= Beginning of Section =

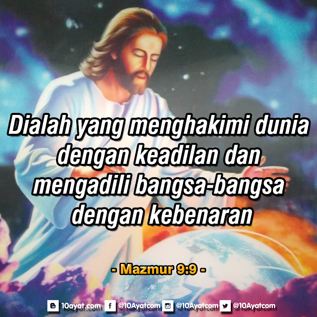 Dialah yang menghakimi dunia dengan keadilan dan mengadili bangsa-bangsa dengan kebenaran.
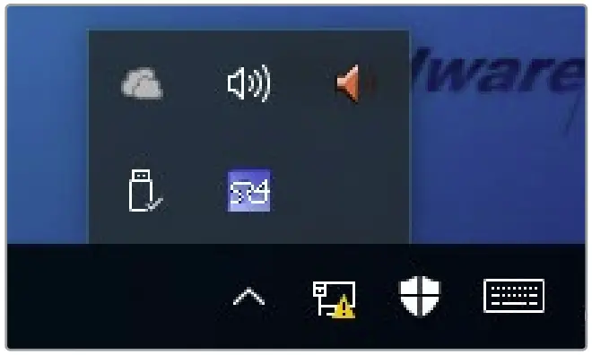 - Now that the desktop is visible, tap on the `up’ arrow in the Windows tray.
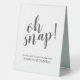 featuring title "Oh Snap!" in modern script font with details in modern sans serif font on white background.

= End of Section =
= Beginning of Section =

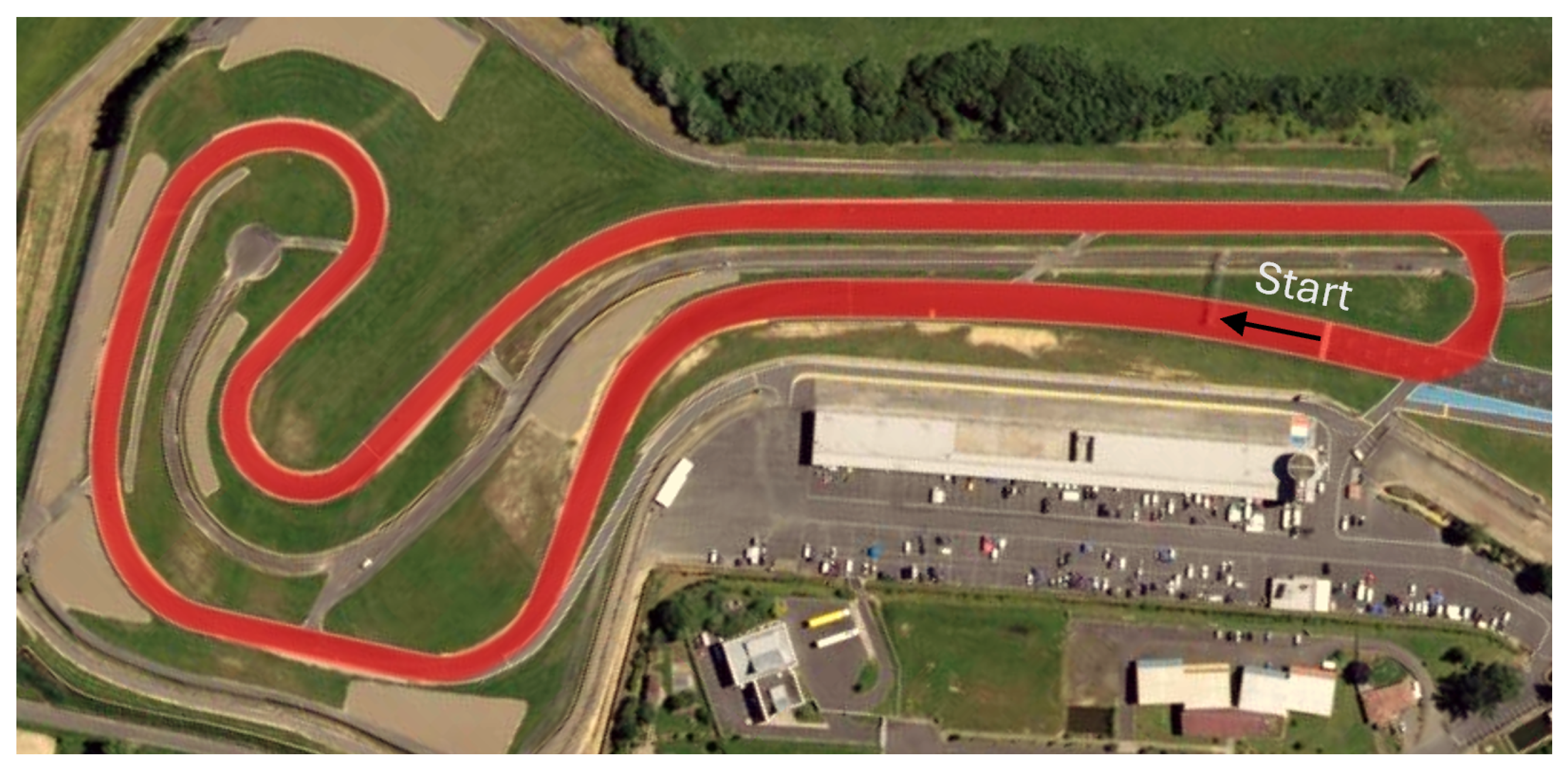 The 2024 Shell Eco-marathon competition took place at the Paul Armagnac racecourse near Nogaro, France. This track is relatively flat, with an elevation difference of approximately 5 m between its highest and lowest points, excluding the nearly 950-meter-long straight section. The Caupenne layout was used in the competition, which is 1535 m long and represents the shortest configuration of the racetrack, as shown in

= End of Section =

▸ **ABOUT THIS EXERCISE**
Within the listing above, write out the stretch from the line with "Dialah yang menghakimi" through the line with "on white background." exactly. Any pictures are to be left out.

▸ **ANSWER**
 Dialah yang menghakimi dunia dengan keadilan dan mengadili bangsa-bangsa dengan kebenaran.
 - Now that the desktop is visible, tap on the `up’ arrow in the Windows tray.
 featuring title "Oh Snap!" in modern script font with details in modern sans serif font on white background.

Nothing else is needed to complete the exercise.